[AVAILABLE DATA — start]
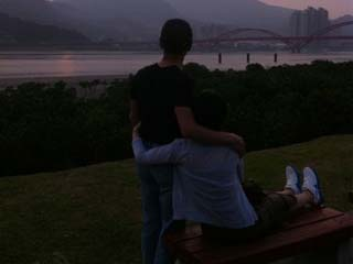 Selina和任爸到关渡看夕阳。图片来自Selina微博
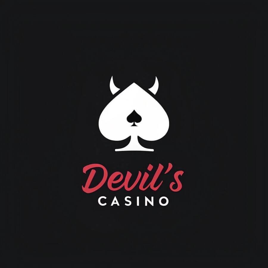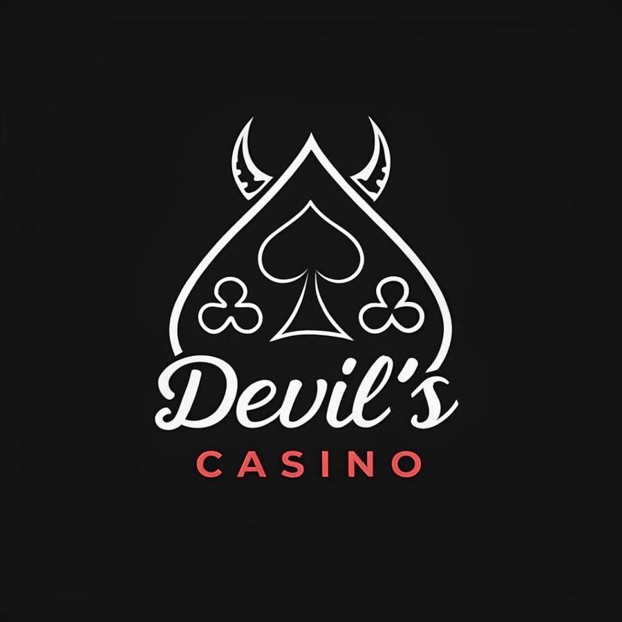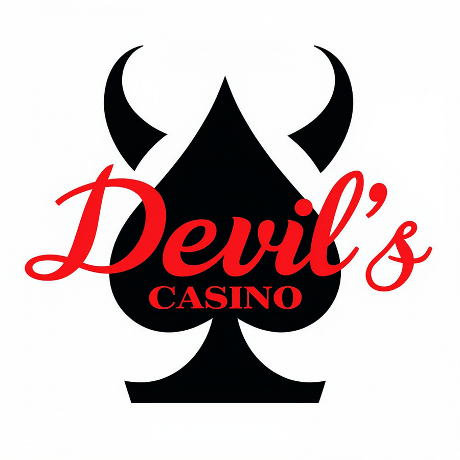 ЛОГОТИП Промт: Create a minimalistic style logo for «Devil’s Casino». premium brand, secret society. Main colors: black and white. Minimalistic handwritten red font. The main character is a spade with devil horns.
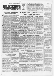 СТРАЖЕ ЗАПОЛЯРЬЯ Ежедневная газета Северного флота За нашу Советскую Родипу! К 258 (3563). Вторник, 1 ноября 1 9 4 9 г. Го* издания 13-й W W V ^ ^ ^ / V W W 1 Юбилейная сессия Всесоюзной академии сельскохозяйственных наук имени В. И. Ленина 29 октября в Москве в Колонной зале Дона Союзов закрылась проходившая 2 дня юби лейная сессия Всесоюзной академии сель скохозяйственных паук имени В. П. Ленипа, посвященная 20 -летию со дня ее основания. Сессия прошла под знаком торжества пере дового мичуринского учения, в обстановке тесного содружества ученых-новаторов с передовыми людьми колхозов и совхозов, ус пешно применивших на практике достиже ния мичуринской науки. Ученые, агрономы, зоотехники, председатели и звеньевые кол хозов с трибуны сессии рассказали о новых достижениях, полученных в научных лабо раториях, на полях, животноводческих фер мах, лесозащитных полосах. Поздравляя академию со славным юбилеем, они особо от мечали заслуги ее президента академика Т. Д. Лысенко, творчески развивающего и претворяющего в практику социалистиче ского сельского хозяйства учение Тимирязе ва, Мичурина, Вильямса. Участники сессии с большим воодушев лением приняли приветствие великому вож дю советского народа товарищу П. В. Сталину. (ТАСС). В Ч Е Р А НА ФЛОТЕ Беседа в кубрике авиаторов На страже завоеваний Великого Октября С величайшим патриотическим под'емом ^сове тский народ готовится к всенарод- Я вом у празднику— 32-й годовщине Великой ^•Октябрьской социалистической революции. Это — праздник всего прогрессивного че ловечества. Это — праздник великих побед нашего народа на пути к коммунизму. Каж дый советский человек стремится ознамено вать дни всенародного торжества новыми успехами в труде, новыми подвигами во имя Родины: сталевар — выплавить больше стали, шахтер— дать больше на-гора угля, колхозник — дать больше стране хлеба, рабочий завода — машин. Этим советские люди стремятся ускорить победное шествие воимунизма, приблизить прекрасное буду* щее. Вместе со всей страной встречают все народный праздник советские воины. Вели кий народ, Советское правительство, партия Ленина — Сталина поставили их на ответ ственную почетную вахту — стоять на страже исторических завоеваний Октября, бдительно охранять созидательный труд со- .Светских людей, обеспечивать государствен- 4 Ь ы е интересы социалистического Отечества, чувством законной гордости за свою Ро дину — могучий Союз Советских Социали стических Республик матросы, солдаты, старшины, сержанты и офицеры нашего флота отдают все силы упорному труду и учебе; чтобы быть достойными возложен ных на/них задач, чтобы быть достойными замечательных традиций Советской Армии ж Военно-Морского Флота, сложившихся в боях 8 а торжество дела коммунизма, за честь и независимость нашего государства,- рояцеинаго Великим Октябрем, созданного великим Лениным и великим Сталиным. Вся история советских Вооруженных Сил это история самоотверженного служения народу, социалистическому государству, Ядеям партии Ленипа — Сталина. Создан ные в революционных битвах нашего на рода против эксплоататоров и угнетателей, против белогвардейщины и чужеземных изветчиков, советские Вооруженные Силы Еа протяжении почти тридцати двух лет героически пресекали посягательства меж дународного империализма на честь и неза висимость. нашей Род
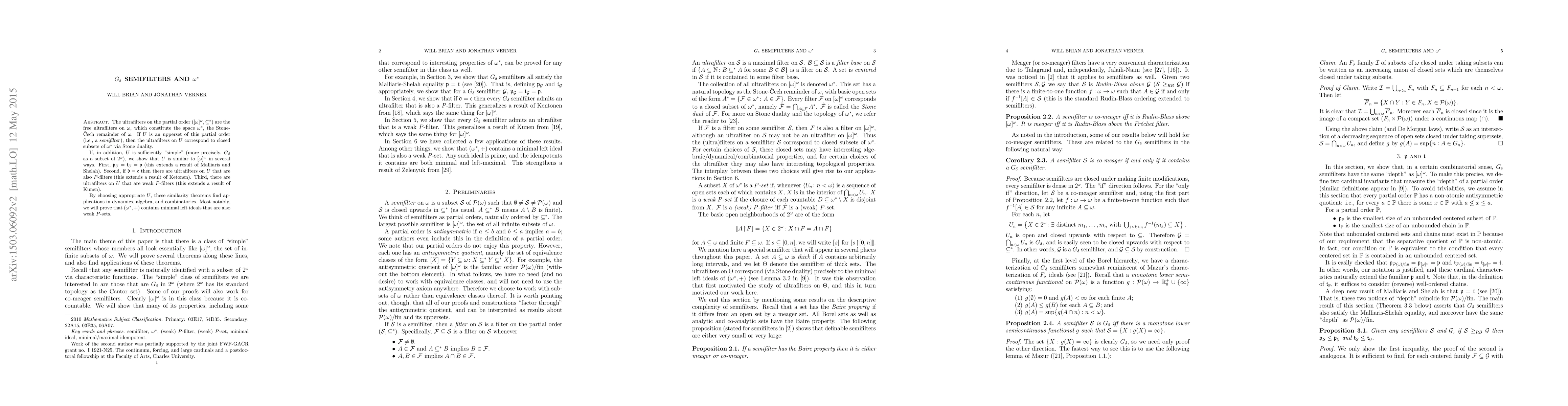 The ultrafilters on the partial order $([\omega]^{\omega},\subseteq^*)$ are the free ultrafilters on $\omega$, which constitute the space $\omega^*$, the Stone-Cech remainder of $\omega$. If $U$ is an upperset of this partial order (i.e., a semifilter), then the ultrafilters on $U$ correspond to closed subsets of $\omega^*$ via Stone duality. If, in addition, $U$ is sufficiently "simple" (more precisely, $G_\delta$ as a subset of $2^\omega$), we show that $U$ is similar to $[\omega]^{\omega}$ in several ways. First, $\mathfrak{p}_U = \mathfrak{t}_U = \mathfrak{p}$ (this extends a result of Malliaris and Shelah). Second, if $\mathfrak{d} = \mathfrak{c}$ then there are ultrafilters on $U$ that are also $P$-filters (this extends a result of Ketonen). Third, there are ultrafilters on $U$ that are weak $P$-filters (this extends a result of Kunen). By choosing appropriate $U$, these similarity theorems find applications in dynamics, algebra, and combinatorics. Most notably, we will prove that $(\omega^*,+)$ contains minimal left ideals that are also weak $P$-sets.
[AVAILABLE DATA — finish]
YOUR GOAL:
Would you provide an exact, picture-free copy of the data above?

RESULT:
 Selina和任爸到关渡看夕阳。图片来自Selina微博
 ЛОГОТИП Промт: Create a minimalistic style logo for «Devil’s Casino». premium brand, secret society. Main colors: black and white. Minimalistic handwritten red font. The main character is a spade with devil horns.
 СТРАЖЕ ЗАПОЛЯРЬЯ Ежедневная газета Северного флота За нашу Советскую Родипу! К 258 (3563). Вторник, 1 ноября 1 9 4 9 г. Го* издания 13-й W W V ^ ^ ^ / V W W 1 Юбилейная сессия Всесоюзной академии сельскохозяйственных наук имени В. И. Ленина 29 октября в Москве в Колонной зале Дона Союзов закрылась проходившая 2 дня юби лейная сессия Всесоюзной академии сель скохозяйственных паук имени В. П. Ленипа, посвященная 20 -летию со дня ее основания. Сессия прошла под знаком торжества пере дового мичуринского учения, в обстановке тесного содружества ученых-новаторов с передовыми людьми колхозов и совхозов, ус пешно применивших на практике достиже ния мичуринской науки. Ученые, агрономы, зоотехники, председатели и звеньевые кол хозов с трибуны сессии рассказали о новых достижениях, полученных в научных лабо раториях, на полях, животноводческих фер мах, лесозащитных полосах. Поздравляя академию со славным юбилеем, они особо от мечали заслуги ее президента академика Т. Д. Лысенко, творчески развивающего и претворяющего в практику социалистиче ского сельского хозяйства учение Тимирязе ва, Мичурина, Вильямса. Участники сессии с большим воодушев лением приняли приветствие великому вож дю советского народа товарищу П. В. Сталину. (ТАСС). В Ч Е Р А НА ФЛОТЕ Беседа в кубрике авиаторов На страже завоеваний Великого Октября С величайшим патриотическим под'емом ^сове тский народ готовится к всенарод- Я вом у празднику— 32-й годовщине Великой ^•Октябрьской социалистической революции. Это — праздник всего прогрессивного че ловечества. Это — праздник великих побед нашего народа на пути к коммунизму. Каж дый советский человек стремится ознамено вать дни всенародного торжества новыми успехами в труде, новыми подвигами во имя Родины: сталевар — выплавить больше стали, шахтер— дать больше на-гора угля, колхозник — дать больше стране хлеба, рабочий завода — машин. Этим советские люди стремятся ускорить победное шествие воимунизма, приблизить прекрасное буду* щее. Вместе со всей страной встречают все народный праздник советские воины. Вели кий народ, Советское правительство, партия Ленина — Сталина поставили их на ответ ственную почетную вахту — стоять на страже исторических завоеваний Октября, бдительно охранять созидательный труд со- .Светских людей, обеспечивать государствен- 4 Ь ы е интересы социалистического Отечества, чувством законной гордости за свою Ро дину — могучий Союз Советских Социали стических Республик матросы, солдаты, старшины, сержанты и офицеры нашего флота отдают все силы упорному труду и учебе; чтобы быть достойными возложен ных на/них задач, чтобы быть достойными замечательных традиций Советской Армии ж Военно-Морского Флота, сложившихся в боях 8 а торжество дела коммунизма, за честь и независимость нашего государства,- рояцеинаго Великим Октябрем, созданного великим Лениным и великим Сталиным. Вся история советских Вооруженных Сил это история самоотверженного служения народу, социалистическому государству, Ядеям партии Ленипа — Сталина. Создан ные в революционных битвах нашего на рода против эксплоататоров и угнетателей, против белогвардейщины и чужеземных изветчиков, советские Вооруженные Силы Еа протяжении почти тридцати двух лет героически пресекали посягательства меж дународного империализма на честь и неза висимость. нашей Род
 The ultrafilters on the partial order $([\omega]^{\omega},\subseteq^*)$ are the free ultrafilters on $\omega$, which constitute the space $\omega^*$, the Stone-Cech remainder of $\omega$. If $U$ is an upperset of this partial order (i.e., a semifilter), then the ultrafilters on $U$ correspond to closed subsets of $\omega^*$ via Stone duality. If, in addition, $U$ is sufficiently "simple" (more precisely, $G_\delta$ as a subset of $2^\omega$), we show that $U$ is similar to $[\omega]^{\omega}$ in several ways. First, $\mathfrak{p}_U = \mathfrak{t}_U = \mathfrak{p}$ (this extends a result of Malliaris and Shelah). Second, if $\mathfrak{d} = \mathfrak{c}$ then there are ultrafilters on $U$ that are also $P$-filters (this extends a result of Ketonen). Third, there are ultrafilters on $U$ that are weak $P$-filters (this extends a result of Kunen). By choosing appropriate $U$, these similarity theorems find applications in dynamics, algebra, and combinatorics. Most notably, we will prove that $(\omega^*,+)$ contains minimal left ideals that are also weak $P$-sets.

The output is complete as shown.